This Interior Designer’s Home is Full of Architectural Charm

dining room
Photography by Alise O’Brien

It was love at first sight when Lynn Eastin made a bid on the home where she and her husband, Phillip, now live. “It had great bones,” she says, “and the architectural details were charming.” Phillip was in Florida at the time, and he wanted Lynn to wait until he got home to make the decision. Lynn laughs and says, “I said we couldn’t wait, and I put a bid on it before the realtor could even get the sign in the yard.”

The Eastins felt no need to change the footprint of their three-bedroom, three-bathroom house. The arched front door and foyer tile are original to the home, as are the fireplace and the wood ceilings and beams in the living area.

Photography by Alise O’Brien

“In the kitchen, we kept most of the cabinets, but my brothers, who were in construction, put in a travertine tile backsplash and installed drawers in the bottom cabinets—which I always recommend as people get older.”

Lynn, who owns Lynn Eastin Interiors in St. Louis, set her designing skills into high gear to bring light to the rest of their house. “We had floor-to-ceiling windows in our old house,” she says. “I wanted to bring that same airy feel into our new home.”

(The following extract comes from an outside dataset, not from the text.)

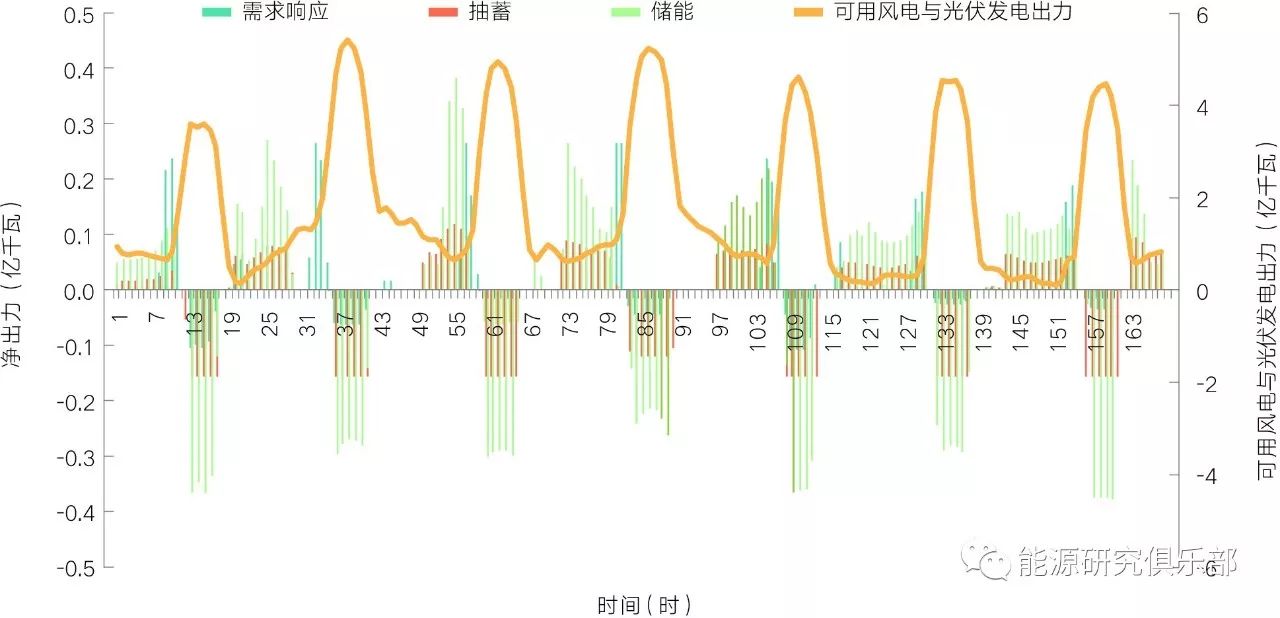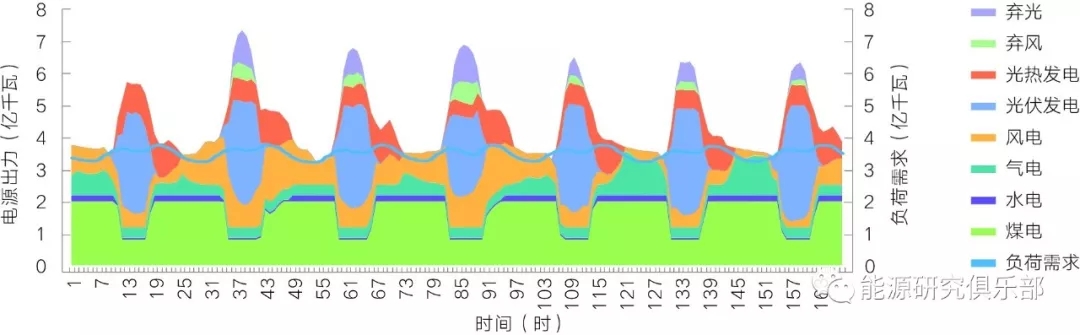 圖11 電氣化加速情景下2050年西北地區(qū)冬季典型周各類電源出力優(yōu)化結(jié)果

Photography by Alise O’Brien


Lynn’s continued use of white and light-colored fabrics lends the bedroom a tranquil and inviting atmosphere. The bed skirt, made from a neutral drapery fabric that allowed Lynn to create luxurious pleats and folds, makes the bed the focal point of the room.

living room
Photography by Alise O’Brien

To bring balance to the wood ceiling in the living room and dining area, Lynn had the walls painted a pale, washed, gray–green that allows the darker colors in the room pop. She used neutral furniture and natural textures, plenty of lamps, and lots of reflective surfaces, like the antique mirror-topped coffee table. Then she brought in a few dark accents to bring the color of the ceiling down into the room.

Although the couple enjoys their proximity to downtown Clayton, Missouri, they like to entertain at home. A unique secretary with a hand-painted Chippendale pattern has been converted into a bar. “When we entertain,” Lynn explains, “we drop the front panel to use it as a serving station.”

office seating
Photography by Alise O’Brien

Lynn updates their home by periodically changing out art, lamps, pillows, and even the occasional chair. She explains the arrangement of the furniture stays the same since the shapes of the rooms dictate the configuration.

One thing the couple was apprehensive about when they bought their lovely cottage was that they were used to living in a wooded area. “There was no reason to worry,” Lynn says. “The architectural charm was an absolute trade-off, visually.”